Let $A$ be a symmetric $n \times n$ matrix over $\mathbb{R}$. Let $0 \neq b \in \mathbb{R}$.
Show that the surface $M = \{x\in \mathbb{R}^n \mid x^T A x = b\}$ is an $(n - 1)$-dimensional submanifold of the manifold $\mathbb{R}^n$.

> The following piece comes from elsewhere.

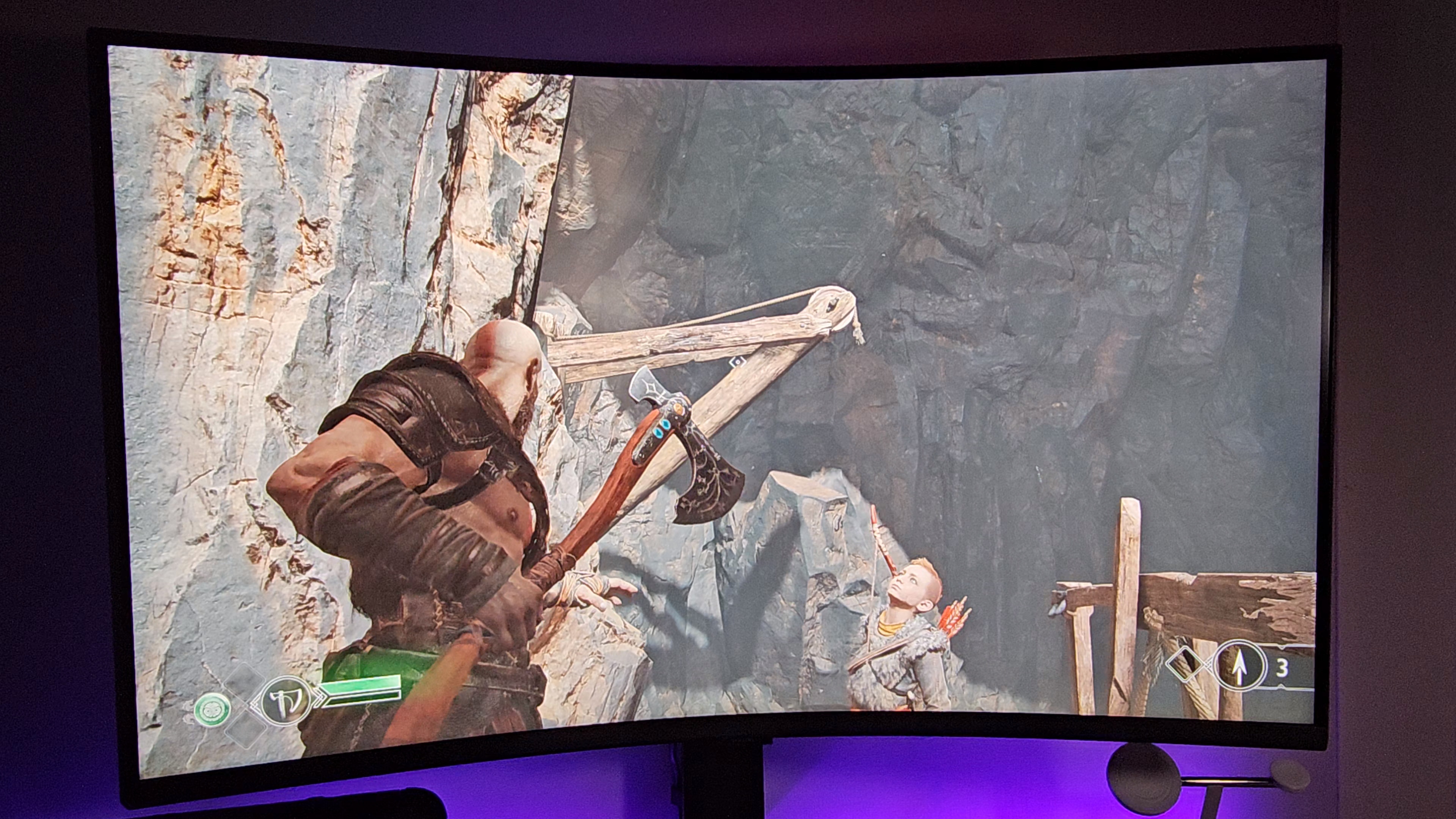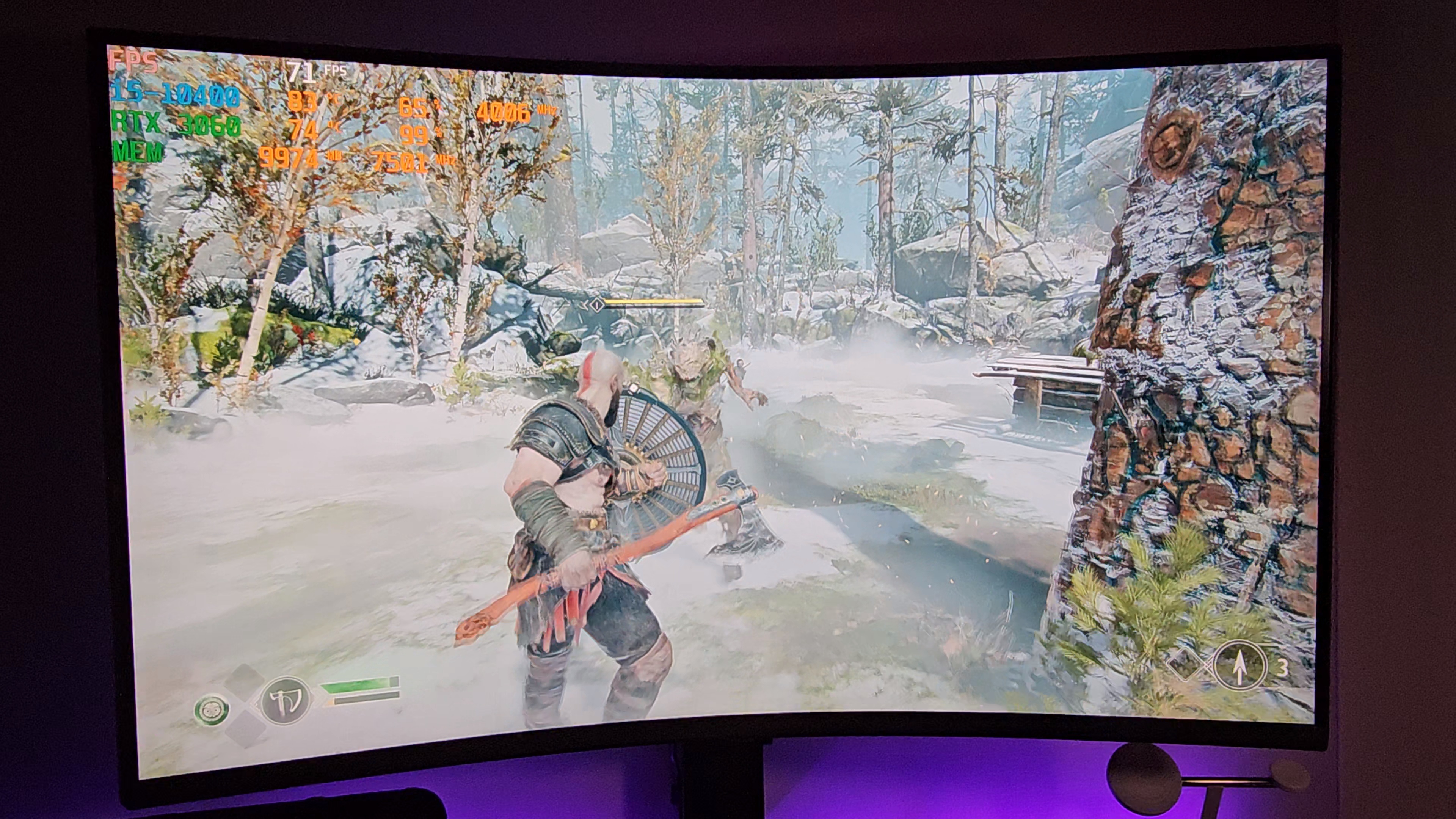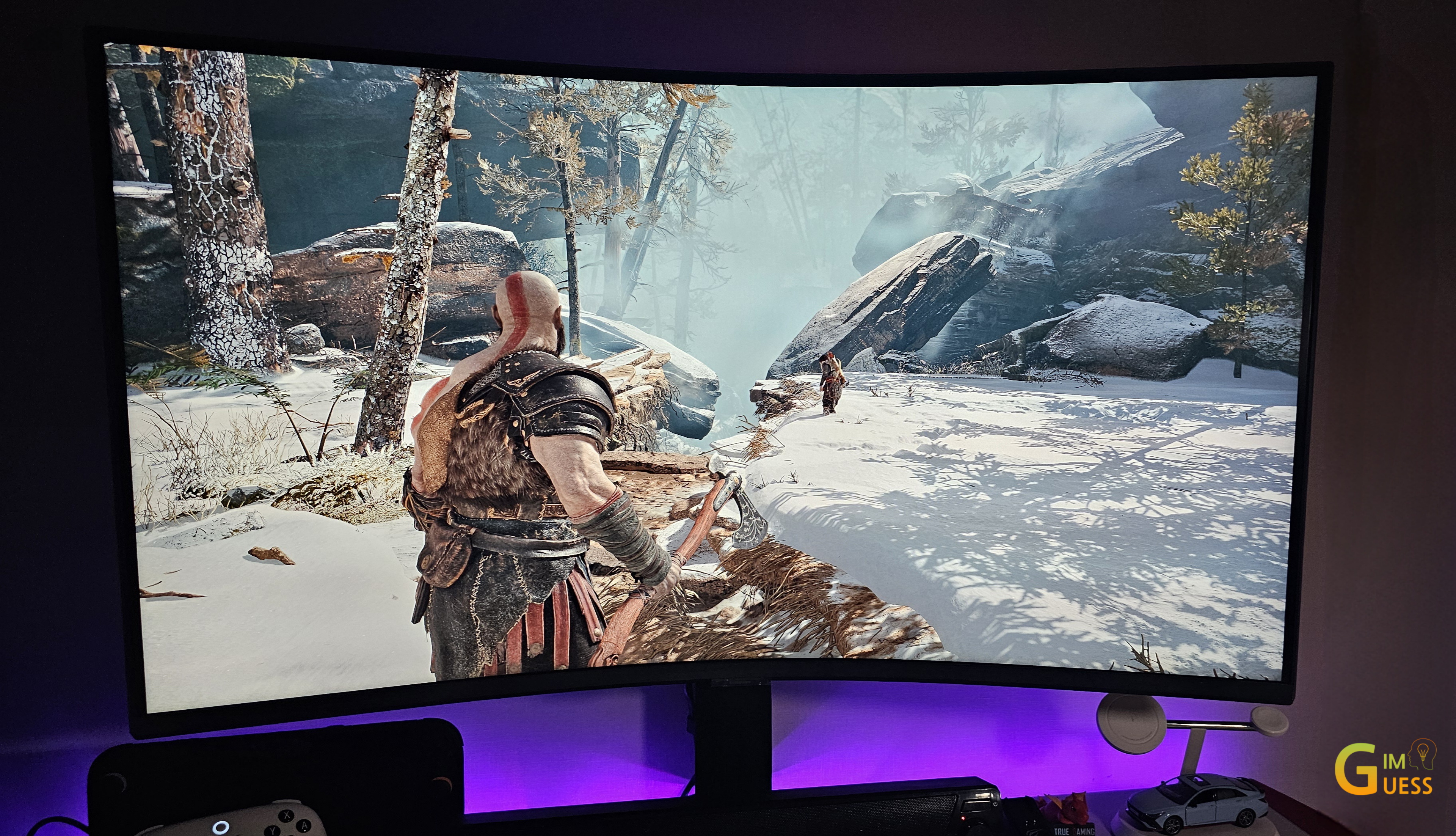 갓 오브 워를 플레이하며 가장 크게 느낀 점은 커브드 화면이 주는 몰입감이었습니다. 캐릭터의 움직임과 공격 모션이 화면 양옆까지 자연스럽게 이어져 전투에 더욱 몰입할 수 있었고, 설원과 숲에 들어섰을 때 WQHD 해상도 덕분에 나뭇가지 하나하나 선명하였습니다. 그냥 풍경을 바라보는 것만으로도 좋았습니다.

I was thinking about starting with a basis in $\mathbb{R}^n$ s.t. $ \begin{pmatrix} x & y & z \end{pmatrix} \cdot \begin{pmatrix} a_1 & 0 & 0 \\ 0 & a_2 & 0 \\ 0 & 0& a_3\end{pmatrix} \cdot \begin{pmatrix} x\\ y \\ z\end{pmatrix}$ $ = ax^2+by^2+cz^2 = {\tilde{b}} $,
where $\tilde{b} >0$
Differentiating of $\tilde{b} $ gives us $\begin{pmatrix} 2ax & 2by & 2cz \end{pmatrix}$ which has rank 1.
You can use the following result which is known:
Let $f:M\longrightarrow N$ be a smooth map where $M$ is $(n + k)$-dimensional and $N$ is $n$-dimensional. If $q = f(p)$ is a regular value, then $f^{-1}(q)$ is a $k$-dimensional smooth submanifold.
In particular deems $f:\mathbb{R}^{n}\longrightarrow \mathbb{R}$, given by $f(x)=x^{T}Ax$.